# Data
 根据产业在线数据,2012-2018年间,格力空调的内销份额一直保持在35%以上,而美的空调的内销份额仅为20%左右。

--

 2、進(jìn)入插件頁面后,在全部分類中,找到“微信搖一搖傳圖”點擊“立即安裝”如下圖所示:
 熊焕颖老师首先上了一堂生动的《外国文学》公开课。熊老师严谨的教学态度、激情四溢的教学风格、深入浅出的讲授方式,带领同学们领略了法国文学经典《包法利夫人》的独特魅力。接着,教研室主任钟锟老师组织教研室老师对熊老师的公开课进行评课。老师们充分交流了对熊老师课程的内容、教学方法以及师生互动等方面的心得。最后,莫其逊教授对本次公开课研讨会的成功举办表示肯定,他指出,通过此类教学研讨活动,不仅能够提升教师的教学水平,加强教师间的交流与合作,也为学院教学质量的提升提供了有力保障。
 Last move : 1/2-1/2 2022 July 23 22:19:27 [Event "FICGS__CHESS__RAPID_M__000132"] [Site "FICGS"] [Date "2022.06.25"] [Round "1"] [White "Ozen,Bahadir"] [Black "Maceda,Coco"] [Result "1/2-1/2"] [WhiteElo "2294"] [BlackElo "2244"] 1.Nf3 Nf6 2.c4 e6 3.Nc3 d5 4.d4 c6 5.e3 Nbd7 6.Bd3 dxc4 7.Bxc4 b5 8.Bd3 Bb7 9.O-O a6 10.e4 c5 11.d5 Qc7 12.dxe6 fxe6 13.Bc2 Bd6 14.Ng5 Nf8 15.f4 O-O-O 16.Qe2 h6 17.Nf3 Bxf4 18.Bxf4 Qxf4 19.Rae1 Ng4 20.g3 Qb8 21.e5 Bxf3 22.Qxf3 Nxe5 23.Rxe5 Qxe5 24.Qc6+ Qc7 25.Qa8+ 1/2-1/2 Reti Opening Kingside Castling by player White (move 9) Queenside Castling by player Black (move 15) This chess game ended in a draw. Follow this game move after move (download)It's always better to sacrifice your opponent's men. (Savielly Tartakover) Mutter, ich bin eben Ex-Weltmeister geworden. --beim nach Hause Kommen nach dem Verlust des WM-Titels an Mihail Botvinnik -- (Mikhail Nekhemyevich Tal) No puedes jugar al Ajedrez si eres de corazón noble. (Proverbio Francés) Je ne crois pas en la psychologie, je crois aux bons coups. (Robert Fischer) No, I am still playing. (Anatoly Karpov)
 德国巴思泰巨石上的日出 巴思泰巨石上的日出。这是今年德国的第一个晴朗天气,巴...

# What to do
Reproduce, exactly as they stand in the data above, the lines from the one that holds "Last move : 1/2-1/2" to the one that holds "德国巴思泰巨石上的日出 巴思", inclusive.

# Solution to this exercise
 Last move : 1/2-1/2 2022 July 23 22:19:27 [Event "FICGS__CHESS__RAPID_M__000132"] [Site "FICGS"] [Date "2022.06.25"] [Round "1"] [White "Ozen,Bahadir"] [Black "Maceda,Coco"] [Result "1/2-1/2"] [WhiteElo "2294"] [BlackElo "2244"] 1.Nf3 Nf6 2.c4 e6 3.Nc3 d5 4.d4 c6 5.e3 Nbd7 6.Bd3 dxc4 7.Bxc4 b5 8.Bd3 Bb7 9.O-O a6 10.e4 c5 11.d5 Qc7 12.dxe6 fxe6 13.Bc2 Bd6 14.Ng5 Nf8 15.f4 O-O-O 16.Qe2 h6 17.Nf3 Bxf4 18.Bxf4 Qxf4 19.Rae1 Ng4 20.g3 Qb8 21.e5 Bxf3 22.Qxf3 Nxe5 23.Rxe5 Qxe5 24.Qc6+ Qc7 25.Qa8+ 1/2-1/2 Reti Opening Kingside Castling by player White (move 9) Queenside Castling by player Black (move 15) This chess game ended in a draw. Follow this game move after move (download)It's always better to sacrifice your opponent's men. (Savielly Tartakover) Mutter, ich bin eben Ex-Weltmeister geworden. --beim nach Hause Kommen nach dem Verlust des WM-Titels an Mihail Botvinnik -- (Mikhail Nekhemyevich Tal) No puedes jugar al Ajedrez si eres de corazón noble. (Proverbio Francés) Je ne crois pas en la psychologie, je crois aux bons coups. (Robert Fischer) No, I am still playing. (Anatoly Karpov)
 德国巴思泰巨石上的日出 巴思泰巨石上的日出。这是今年德国的第一个晴朗天气,巴...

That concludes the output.